# M3 vs Supercharged S2K



## taimoor (Feb 3, 2003)

Buddy of mine has a comptech supercharged S2K claims to put out 320hp on a cold night close to 330hp. Hes always talking about how he smoked an M3 bla bla but i dont buy it.
So im getting my hands on a 2003 coupe SMG tonight and its ON!!!
What do you guys think? were gonna go 0-120, 0-60 and from a rolling start of 30. The M3 is a heavy ride, but im hoping i pull so much form him that he wont make it back.

Stay tuned tonight for details!!!!!!!!!!!


----------



## Mr. The Edge (Dec 19, 2001)

which track are y'all going to?


----------



## taimoor (Feb 3, 2003)

errrr track... none... just somewhere... it dont matter... 
what do u think though?


----------



## RCK (Jan 29, 2003)

atyclb said:


> which track are y'all going to?


I dont think they are going to a track :eeps:


----------



## Pakisho (Feb 6, 2003)

Youre getting walked. 

Badly. 


:rofl:


----------



## RCK (Jan 29, 2003)

Excuse my ignorance, but how does one get their hands on an M3?


----------



## taimoor (Feb 3, 2003)

Good question luke, dealer :nono::nono::nono::nono:ed up bla bla bla.... loaner !!!...


----------



## RCK (Jan 29, 2003)

taimoor said:


> Good question luke, dealer :nono::nono::nono::nono:ed up bla bla bla.... loaner !!!...


who the f*** is Luke


----------



## taimoor (Feb 3, 2003)

thats you young skywalker.... j/k
What do you think about the ....ahem... race ??!?!


----------



## Pakisho (Feb 6, 2003)

I call bullshit. A supercharged Honda S2000? There aint no such thing. And even if there is, it wont stand a chance against an M3. Hondas suck.


----------



## in_d_haus (Jan 2, 2002)

You will lose...if the HP stats are real ...the M3 is too heavy and not geared for drag racing


----------



## Pakisho (Feb 6, 2003)

Please, a tiny little 4 banger like the s2k couldnt possibly make 300hp. 

I predict you dust his sorry ass.


----------



## Mr. The Edge (Dec 19, 2001)

Pakisho said:


> Please, a tiny little 4 banger like the s2k couldnt possibly make 300hp.
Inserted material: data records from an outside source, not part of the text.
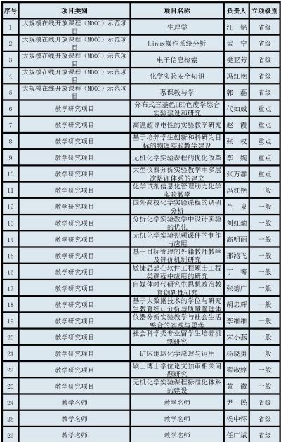 经过省教育厅组织的专家评审,我校“生理学”等5门课程入选省级大规模在线开放课程(MOOC)示范项目、“分布式三基色LED色度学综合实验建设和研究”等18个教学研究项目被评为省级教学研究项目。另外,我校尹民等3位教授荣获省级教学名师称号、王毅等5位青年教师荣获省级教坛新秀称号(详见附表)。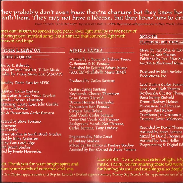 | Bass Benny Rietveld | Congas Raul Rekow | Drums Rodney Holmes | Keyboards Chester Thompson (2) | Lead Guitar Carlos Santana | Mixed By [Assistant] Andy Haller | Music By Itaal Shur | Music By, Lyrics By, Lead Vocals [Featuring] Rob Thomas | Percussion Karl Perazzo | Producer Matt Serletic | Programmed By, Edited By [Digital Editing] Mark Dobson (2) | Recorded By [Assistant] Steve Fontano | Recorded By, Mixed By David Thoener | Trombone Jeff Cressman, Jose Abel Figueroa | Trumpet Bill Ortiz, Julius Melendez | |||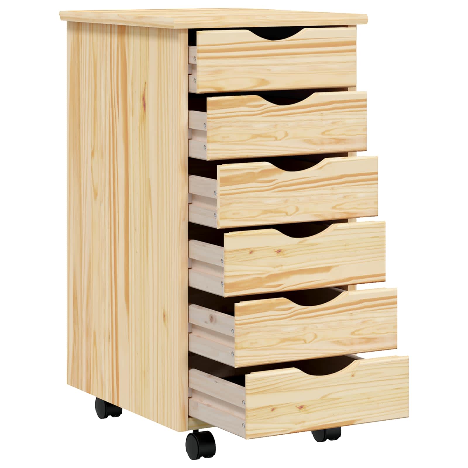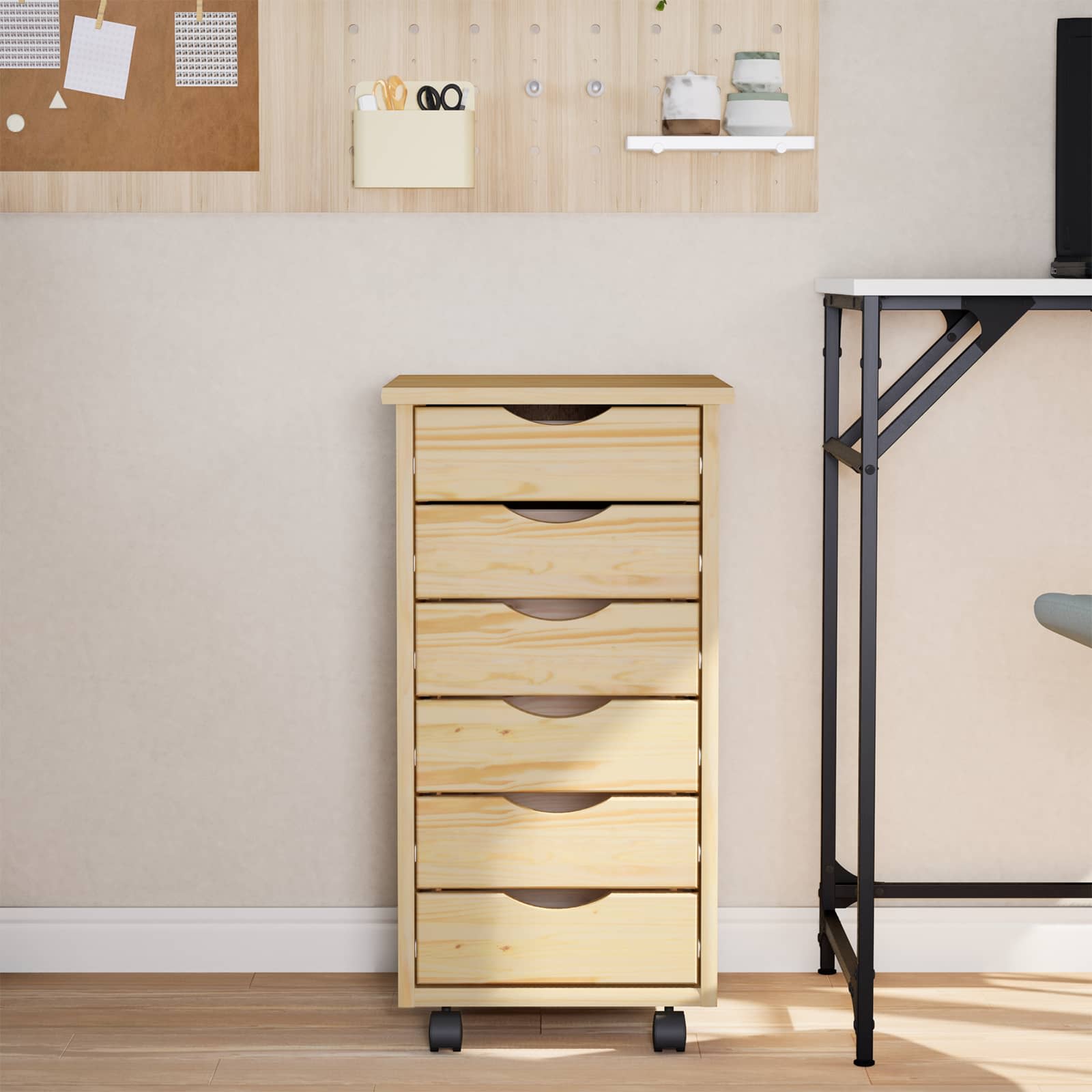 Der rollende Schrank mit Schubladen ist praktisch und sieht gut aus ? die ideale Lösung für deine Aufbewahrungsbedürfnisse im Zuhause oder Büro. Mit seinem modernen Design und den klaren Linien fügt er sich nahtlos in jedes Raumdekor ein. Egal, ob du im Wohnzimmer, Schlafzimmer oder Home-Office Ordnung schaffen möchtest, dieser Schrank bietet genügend Platz und hilft dir, alles schön ordentlich zu halten. Massivholz Kiefer: Der Schrank aus hochwertigem Kiefernholz ist super robust und hält lange ? Stärke und Eleganz in einem. Kantengriffe: Die schlichten Kantengriffe sorgen für ein minimalistisches Design und machen die Benutzung einfach. Vielseitige Rollen: Die praktischen Rollen bieten Mobilität ohne unnötiges Rutschen ? ideal für jede Umgebung. Geräumige Schubladen: Die vielen Schubladen sorgen dafür, dass du alles ordentlich verstauen kannst, von Büromaterial bis hin zu Kleidung. Montage: Einfacher Aufbau mit einem Schraubendreher ? zwei Personen reichen aus. Das macht den Zusammenbau schnell und unkompliziert.
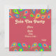 Colourful paisley pattern with red ,neon green ,blue droplets .Playful retro invitation card with oriental touch .Great at retro parties ,birthdays ,celebrations or for any other cheerful occasion .Template design by Alma Wad .Customise both sides now with the details of your own party/event /announcement .

http://www.dynospotracing.com/s2000s.htm


----------



## Pakisho (Feb 6, 2003)

Impossible. 

Photoshop?


----------



## RCK (Jan 29, 2003)

Pakisho said:


> Impossible.
> 
> Photoshop?


Not impossible my friend

I knew a guy who had a 00 nissan coupe( think it was a 200sx) with 300+ hp to the wheels


----------



## Pakisho (Feb 6, 2003)

Next thing you will tell me a taurus can make 500hp.   :rofl: :eeps:


----------



## taimoor (Feb 3, 2003)

Actually funny thing... the same guy with the supercharged s2k used to have not one but TWO Ford Taurus SHO's, one with a supercharger and used to put out around 450hp lol... ofcourse everything in that car blew up and they ended up getting a new engine for it, but that thing was QUICK!!


----------



## Pakisho (Feb 6, 2003)

Ok, Im outta here. People are smoking too much of the good stuff. 

Taimoor, good luck. 

Of course, if this guy really does have a 300+ hp s2k, which I doubt, he will play Tommy Lee to your Pamela, and nail you good.


----------



## doeboy (Sep 20, 2002)

Pakisho said:


> Impossible.
> 
> Photoshop?


Not impossible. I saw one with my very own eyes up at Laguna Seca this past Saturday at the SPEED WC races. It wasn't racing... it was on display.


----------



## rumratt (Feb 22, 2003)

taimoor said:


> The M3 is a heavy ride, but im hoping i pull so much form him that he wont make it back.


  I thought a heavier car with more power/torque will be slower off the line, but faster in the higher speeds.?


----------